Excerpts from a dataset:

________________________________________

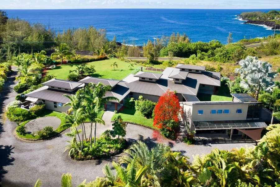 Spectacular ocean and sea cliff views from every room in this custom-designed home which was designed and built in 2008-2009 by a Texas architect-builder to maximize every benefit of its fabulous location. * Custom Koa double entry doors with art gallery foyer. * Great Room which includes dining and entertainment areas leading out to a heated, tiled swimming pool. * Office with two workstations and built-in file drawers. * Bright interior and cool breezes from cathedral ceilings and several clerestories. * Chef's Kitchen has granite counter tops, large island with bar sink, gas range/oven, commercial-sized side-by-side refrigerator/freezer, dishwasher, and trash compactor. * Beautifully-tiled Master Suite with walk-in closet, double-sink vanity, large walk-in shower, and a two-way fireplace. * Guest Suites 1 and 2 each with its own bath, views of gardens and coastline as well as exterior lanai doors. * Guest Suite 2 is an attached "Ohana Suite" with a kitchenette and dishwasher. * Bonus "Loft Studio"is a separate hosted vacation rental with full bath, lanai areas, kitchenette amenities and private spa overlooking the ocean. * Built-in vents in each room to accommodate portable a/c units if desired. * 22,000-gallon underground catchment with irrigation, UV, and double filtration systems. * Owned PV system with solar and electric sources, emergency generator system, and underground wiring to home. * No HOA or Association dues; however, there are recorded covenants for Puna Beach Palisades subdivision. Additional features include a two-car enclosed garage, outdoor Spa overlooking sea cliffs, beautiful landscaping with fruit-producing orchards. Please enjoy the property video (https://vimeopro.com/user19597573/12-7124-kalapana-kapoho-beach-road) showcasing the abundance of custom touches throughout this unique property with FOREVER ocean views!
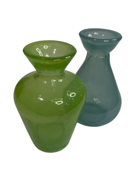 Pair of Glass 4.5" Bud Vases Blue Green
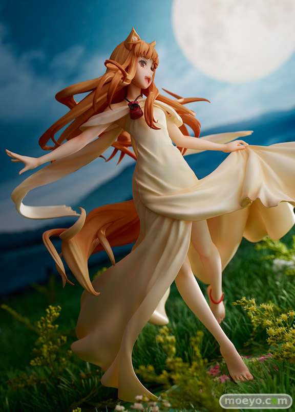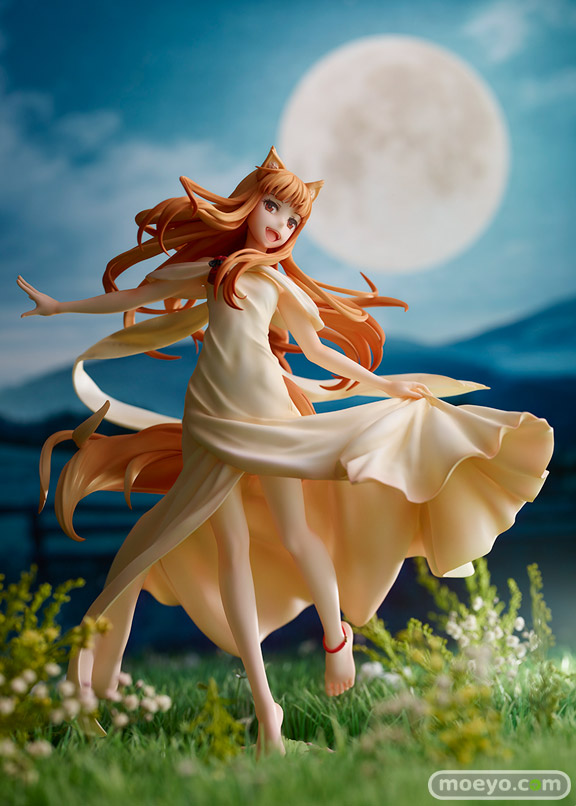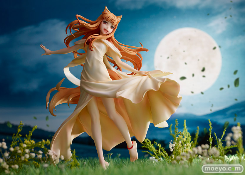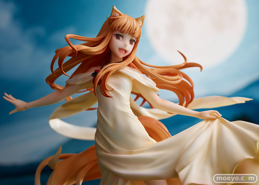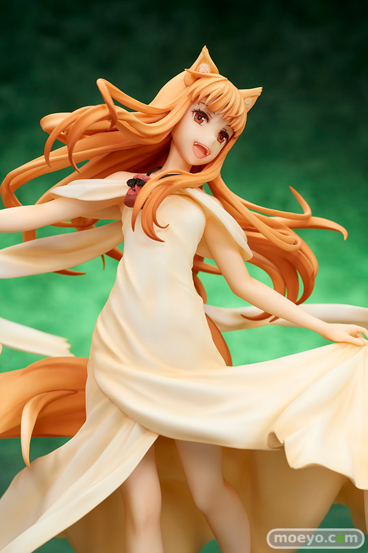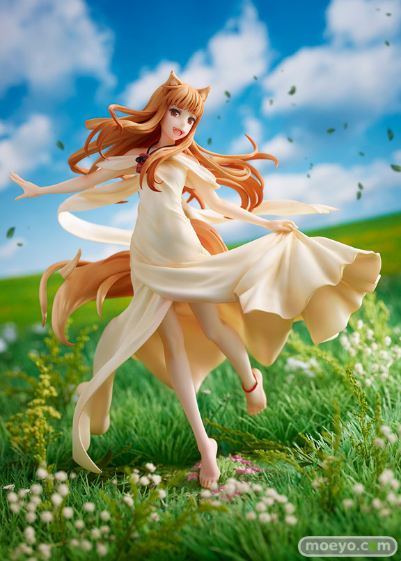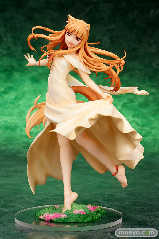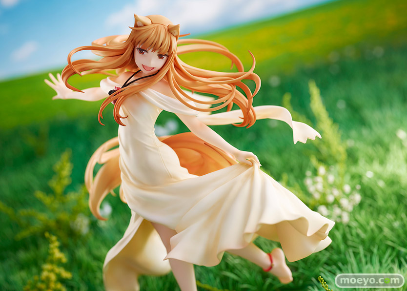 キューズQ新作美少女フィギュア「狼と香辛料 ホロ」予約受付開始!キューズQ新作美少女フィギュア「狼と香辛料 ホロ」が予約受付開始!『15周年を迎えた物語「狼と香辛料」から、賢狼ホロが無垢なワンピースを身にまとい登場じゃ。軽やかなステップで草原を歩む姿は、神々しさすら感じるじゃろ?髪、尻尾、ワンピースが華麗に舞い、どのアングルからでもわっちの美しさを堪能できる逸品じゃ。ぜひ、ぬしの手元に置いてくりゃれ。』というもので、原型制作は目出ル金さん。彩色製作は佐倉さん。そのサンプルの様子を、画像レビューとしてお伝えします!
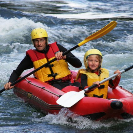 Ha kul med hela familjen på en forsränningstur! På denna forsränningstur kommer ni att bli blöta, ni måste paddla, ni kanske faller i vattnet, båten kanske kantrar men ni är garanterade en upplevelse som ni sent kommer att glömma!
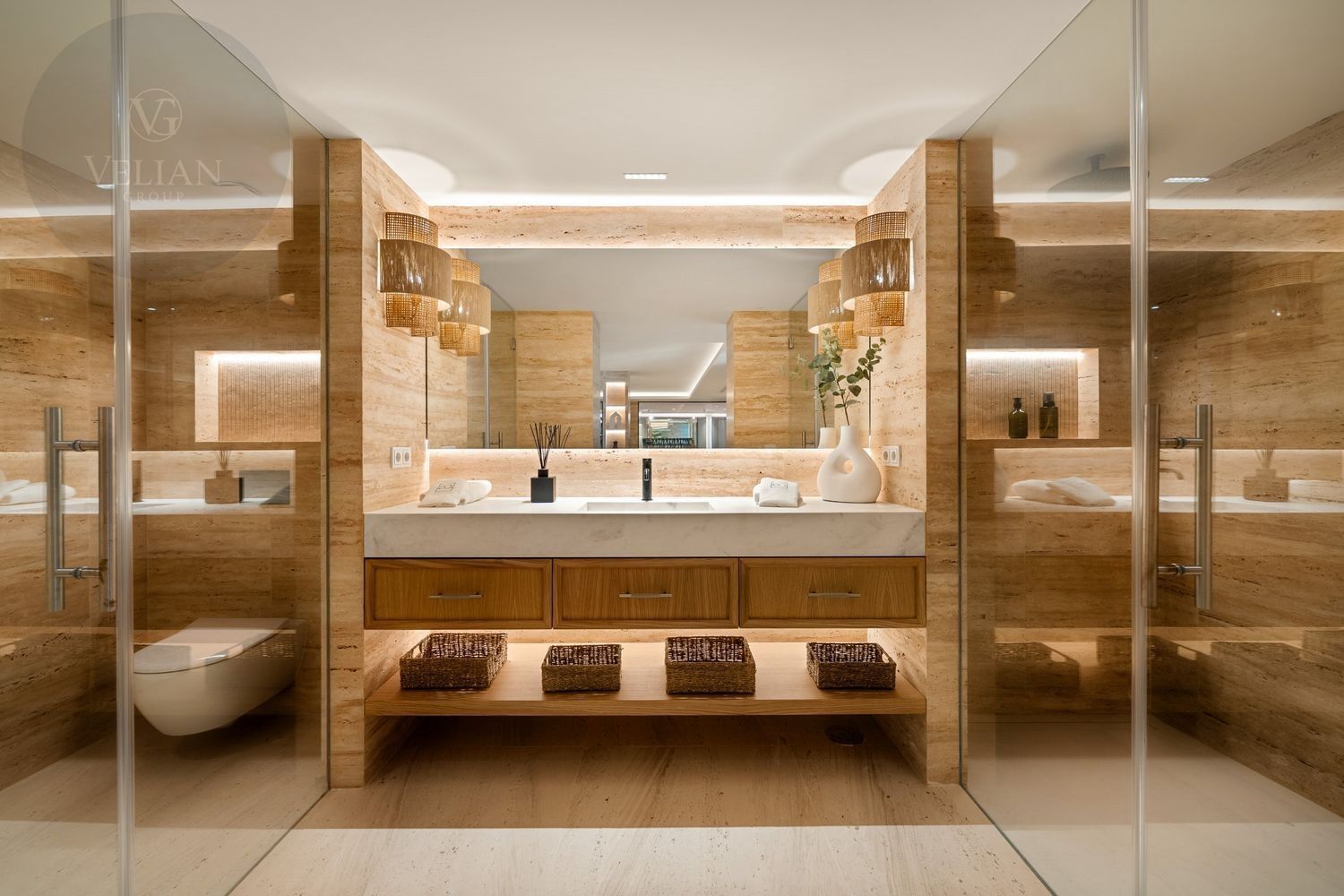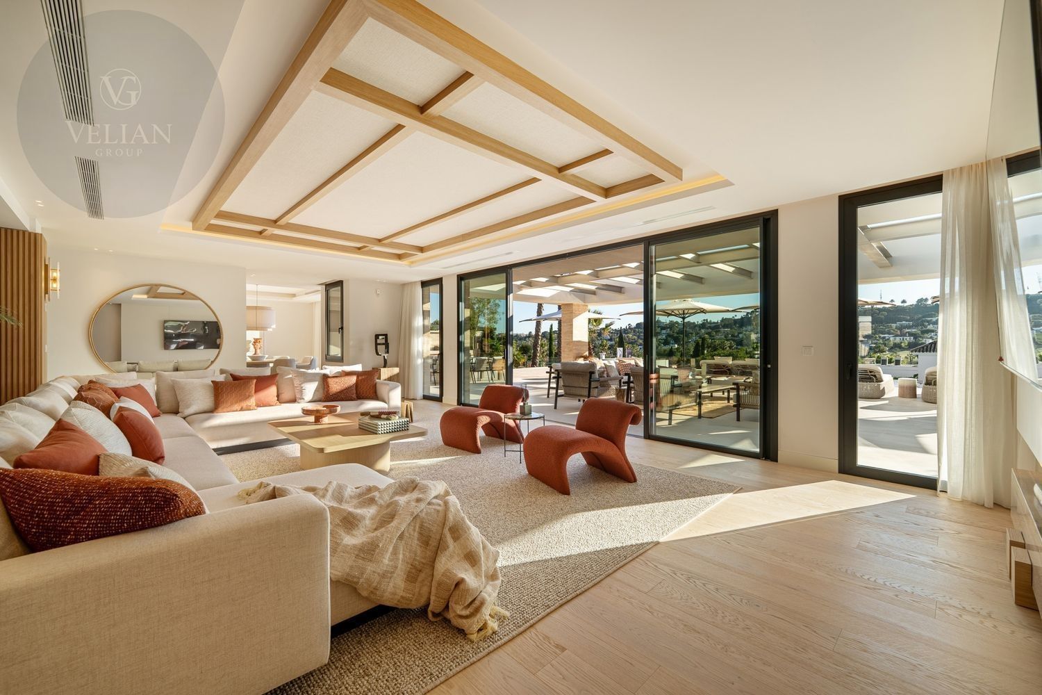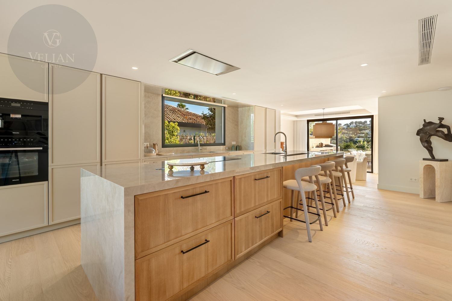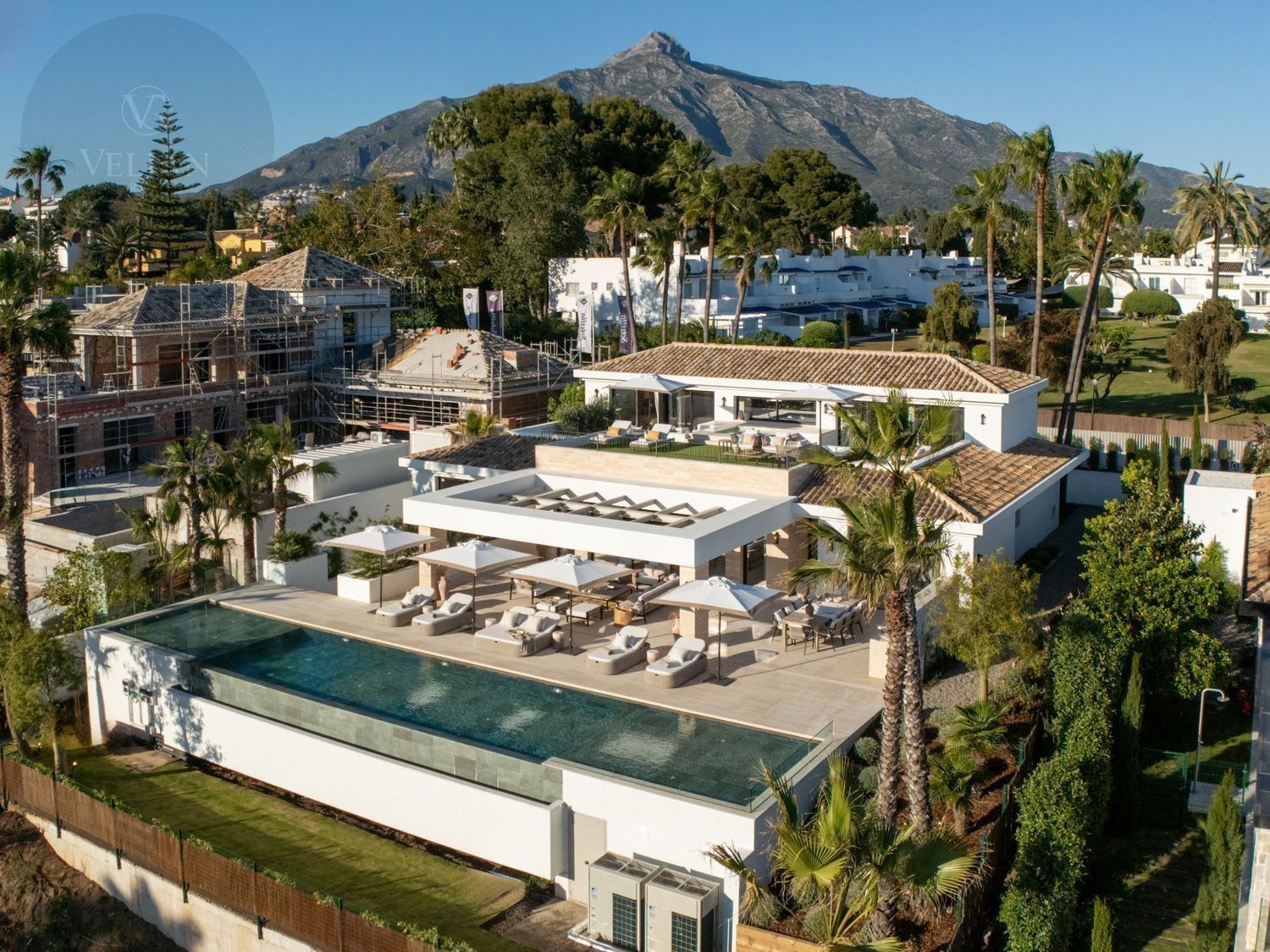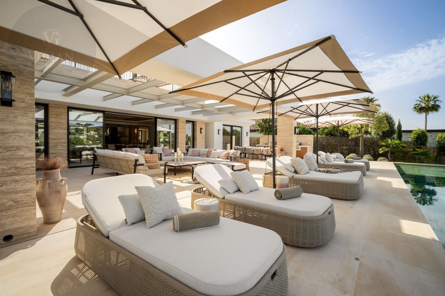 Villa Azteca es una encantadora villa ubicada en la codiciada zona de Aloha. Esta propiedad única presume de una arquitectura fascinante que combina armoniosamente materiales naturales con elementos de diseño moderno. Desde la fachada simétrica hasta la exuberante vegetación en la entrada, el exterior de la villa irradia elegancia y sofisticación. Las líneas definidas y los ventanales aportan un toque contemporáneo, mientras que las tejas tradicionales rinden homenaje a la cultura y el patrimonio local.Diseñada por GC Studio, la arquitectura e interiores reflejan un equilibrio refinado entre innovación y tradición. La construcción fue realizada por B. Solis con una artesanía impecable, mientras que el exuberante paisajismo, creado por Juan Pedro Sacedón Paisajismo, realza la atmósfera de la villa. Las instalaciones avanzadas fueron ejecutadas por Techno Clima, garantizando los más altos estándares de confort y eficiencia.En el interior, Villa Azteca ofrece un diseño de interiores elegante, con tonos neutros claros y materiales naturales. Los detalles en madera, como las paredes estriadas que separan la sala del comedor y la cocina, aportan calidez y carácter al espacio. La propiedad incluye cinco lujosos dormitorios y una impresionante zona de salón/comedor, ideal para recibir invitados o disfrutar en familia.Con vistas espectaculares al campo de golf, únicas en Aloha en Nueva Andalucía, Villa Azteca es una propiedad verdaderamente extraordinaria que ofrece lo último en estilo de vida de lujo.
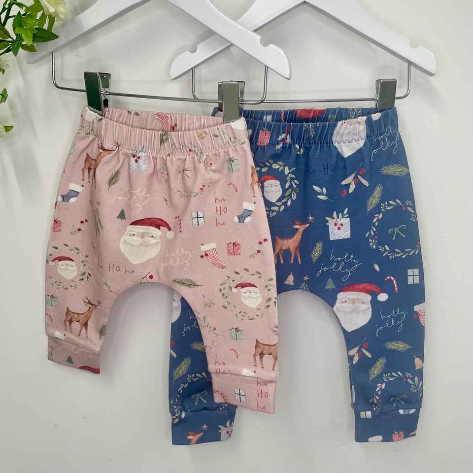 Holly Jolly Organic Baby Leggings Pink Blue Latest Children Trousers Elastic Waist Festive Baby Wear 2 Pcs Pants Cotton Spring
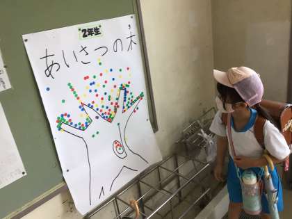 6月1日から4日にかけてあいさつの木運動がはじまりました。明るく、いつも先に、伝わるように気をつけて元気に挨拶をしています。元気に挨拶をしてもらったシールで大きな木を完成させようと頑張っています。
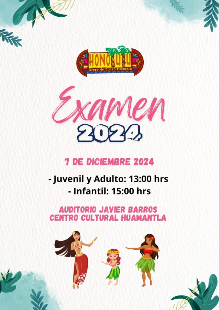Este sábado siete de diciembre del año en curso, en Grupo de Danza Polinesia del Centro Cultural Huamantla, llevará a cabo una clase magistral, dirigida para alumnas de noveles intermedio y avanzado, la cual servirá también de evaluación de talentos. Esta clase, tendrá lugar en el Auditorio Javier Barros Balero del Centro Cultural Huamantla, dentro […]
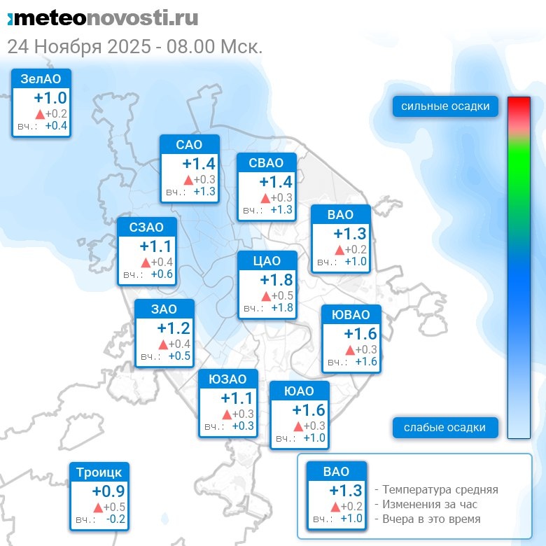 В 8:00 в Москве было от +0.4°C до +2°C, средняя температура +1.3°C #погода #Москва #осень #температура #24ноября #понедельник Перейти на сайт Прогноз погоды на 14 дней
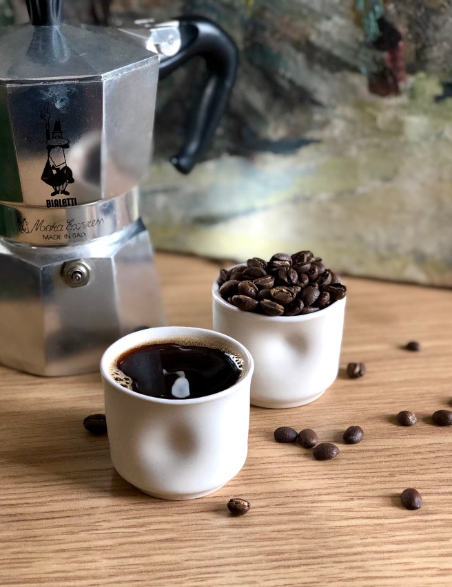I have to take a minute to tell you about these sleek, gorgeously dainty espresso cups by Emilia Radlinska, a ceramic artist in South West London who I met during Merton Arts Festival this weekend. Her porcelain work plays with contrasting textures using soft satin or subtly coloured glazes with slender curves and pinched sides, or dark tones and tiny intricately applied dots of slip that create a surprisingly pleasing spiky texture. These cups have a sensuous, silky, satin glaze on the outside making them really satisfying to hold, and the inside has a white glaze with hints of pinks and blues. They turned out to be a perfect textural pairing for the flavour of the coffee. I’m actually now curious as to how the coffee would taste if I tried it with a pair of Emilia’s black spiky cups?
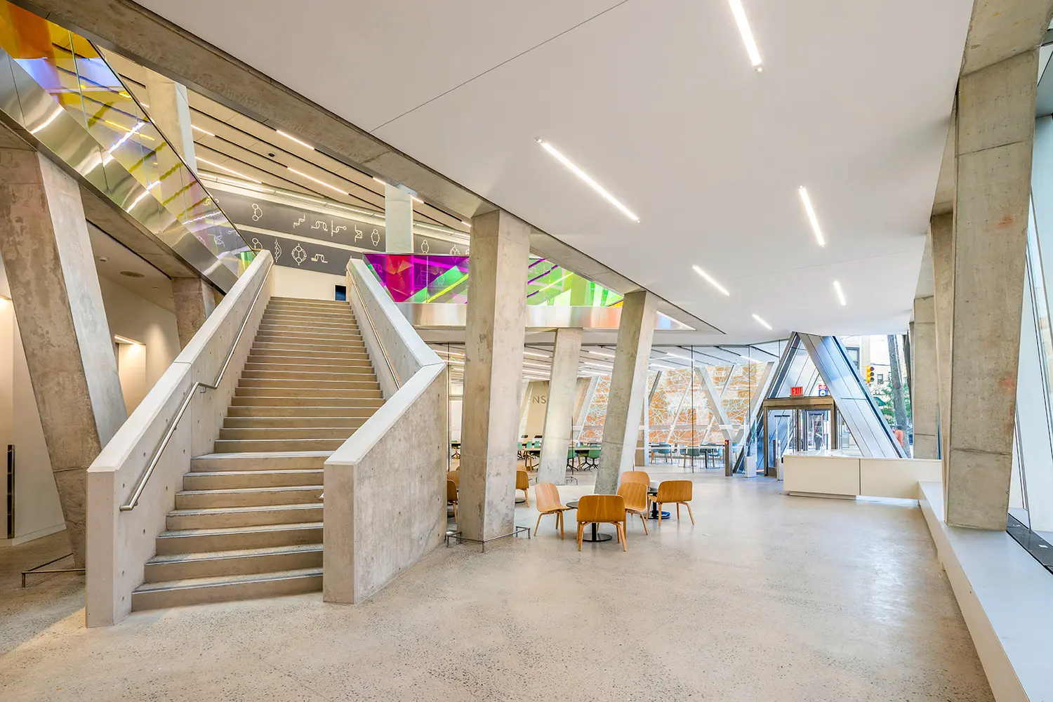 Other notable design elements include the Tectum wood fiber ceiling panels and seamless acoustic plaster for sound absorption; the main staircase formed in architectural concrete is a complex geometric shape with integral lighting; floor to ceiling glass partitions on the first floor; upturned roof beams to provide an uninterrupted ceiling plane of the main library space; a canted dichroic glass railing system which surrounds the interior atrium opening; and an energy code compliant ‘blue’ roof designed to release storm water from the site slowly; and a gabion basket rock wall which encloses the exterior courtyard.

________________________________________

* **REQUIRED ACTION**
If any image appears in the entries, omit it and return the rest verbatim.

* **ANSWER AREA**
 Spectacular ocean and sea cliff views from every room in this custom-designed home which was designed and built in 2008-2009 by a Texas architect-builder to maximize every benefit of its fabulous location. * Custom Koa double entry doors with art gallery foyer. * Great Room which includes dining and entertainment areas leading out to a heated, tiled swimming pool. * Office with two workstations and built-in file drawers. * Bright interior and cool breezes from cathedral ceilings and several clerestories. * Chef's Kitchen has granite counter tops, large island with bar sink, gas range/oven, commercial-sized side-by-side refrigerator/freezer, dishwasher, and trash compactor. * Beautifully-tiled Master Suite with walk-in closet, double-sink vanity, large walk-in shower, and a two-way fireplace. * Guest Suites 1 and 2 each with its own bath, views of gardens and coastline as well as exterior lanai doors. * Guest Suite 2 is an attached "Ohana Suite" with a kitchenette and dishwasher. * Bonus "Loft Studio"is a separate hosted vacation rental with full bath, lanai areas, kitchenette amenities and private spa overlooking the ocean. * Built-in vents in each room to accommodate portable a/c units if desired. * 22,000-gallon underground catchment with irrigation, UV, and double filtration systems. * Owned PV system with solar and electric sources, emergency generator system, and underground wiring to home. * No HOA or Association dues; however, there are recorded covenants for Puna Beach Palisades subdivision. Additional features include a two-car enclosed garage, outdoor Spa overlooking sea cliffs, beautiful landscaping with fruit-producing orchards. Please enjoy the property video (https://vimeopro.com/user19597573/12-7124-kalapana-kapoho-beach-road) showcasing the abundance of custom touches throughout this unique property with FOREVER ocean views!
 Pair of Glass 4.5" Bud Vases Blue Green
 キューズQ新作美少女フィギュア「狼と香辛料 ホロ」予約受付開始!キューズQ新作美少女フィギュア「狼と香辛料 ホロ」が予約受付開始!『15周年を迎えた物語「狼と香辛料」から、賢狼ホロが無垢なワンピースを身にまとい登場じゃ。軽やかなステップで草原を歩む姿は、神々しさすら感じるじゃろ?髪、尻尾、ワンピースが華麗に舞い、どのアングルからでもわっちの美しさを堪能できる逸品じゃ。ぜひ、ぬしの手元に置いてくりゃれ。』というもので、原型制作は目出ル金さん。彩色製作は佐倉さん。そのサンプルの様子を、画像レビューとしてお伝えします!
 Ha kul med hela familjen på en forsränningstur! På denna forsränningstur kommer ni att bli blöta, ni måste paddla, ni kanske faller i vattnet, båten kanske kantrar men ni är garanterade en upplevelse som ni sent kommer att glömma!
 Villa Azteca es una encantadora villa ubicada en la codiciada zona de Aloha. Esta propiedad única presume de una arquitectura fascinante que combina armoniosamente materiales naturales con elementos de diseño moderno. Desde la fachada simétrica hasta la exuberante vegetación en la entrada, el exterior de la villa irradia elegancia y sofisticación. Las líneas definidas y los ventanales aportan un toque contemporáneo, mientras que las tejas tradicionales rinden homenaje a la cultura y el patrimonio local.Diseñada por GC Studio, la arquitectura e interiores reflejan un equilibrio refinado entre innovación y tradición. La construcción fue realizada por B. Solis con una artesanía impecable, mientras que el exuberante paisajismo, creado por Juan Pedro Sacedón Paisajismo, realza la atmósfera de la villa. Las instalaciones avanzadas fueron ejecutadas por Techno Clima, garantizando los más altos estándares de confort y eficiencia.En el interior, Villa Azteca ofrece un diseño de interiores elegante, con tonos neutros claros y materiales naturales. Los detalles en madera, como las paredes estriadas que separan la sala del comedor y la cocina, aportan calidez y carácter al espacio. La propiedad incluye cinco lujosos dormitorios y una impresionante zona de salón/comedor, ideal para recibir invitados o disfrutar en familia.Con vistas espectaculares al campo de golf, únicas en Aloha en Nueva Andalucía, Villa Azteca es una propiedad verdaderamente extraordinaria que ofrece lo último en estilo de vida de lujo.
 Holly Jolly Organic Baby Leggings Pink Blue Latest Children Trousers Elastic Waist Festive Baby Wear 2 Pcs Pants Cotton Spring
 6月1日から4日にかけてあいさつの木運動がはじまりました。明るく、いつも先に、伝わるように気をつけて元気に挨拶をしています。元気に挨拶をしてもらったシールで大きな木を完成させようと頑張っています。
Este sábado siete de diciembre del año en curso, en Grupo de Danza Polinesia del Centro Cultural Huamantla, llevará a cabo una clase magistral, dirigida para alumnas de noveles intermedio y avanzado, la cual servirá también de evaluación de talentos. Esta clase, tendrá lugar en el Auditorio Javier Barros Balero del Centro Cultural Huamantla, dentro […]
 В 8:00 в Москве было от +0.4°C до +2°C, средняя температура +1.3°C #погода #Москва #осень #температура #24ноября #понедельник Перейти на сайт Прогноз погоды на 14 дней
I have to take a minute to tell you about these sleek, gorgeously dainty espresso cups by Emilia Radlinska, a ceramic artist in South West London who I met during Merton Arts Festival this weekend. Her porcelain work plays with contrasting textures using soft satin or subtly coloured glazes with slender curves and pinched sides, or dark tones and tiny intricately applied dots of slip that create a surprisingly pleasing spiky texture. These cups have a sensuous, silky, satin glaze on the outside making them really satisfying to hold, and the inside has a white glaze with hints of pinks and blues. They turned out to be a perfect textural pairing for the flavour of the coffee. I’m actually now curious as to how the coffee would taste if I tried it with a pair of Emilia’s black spiky cups?
 Other notable design elements include the Tectum wood fiber ceiling panels and seamless acoustic plaster for sound absorption; the main staircase formed in architectural concrete is a complex geometric shape with integral lighting; floor to ceiling glass partitions on the first floor; upturned roof beams to provide an uninterrupted ceiling plane of the main library space; a canted dichroic glass railing system which surrounds the interior atrium opening; and an energy code compliant ‘blue’ roof designed to release storm water from the site slowly; and a gabion basket rock wall which encloses the exterior courtyard.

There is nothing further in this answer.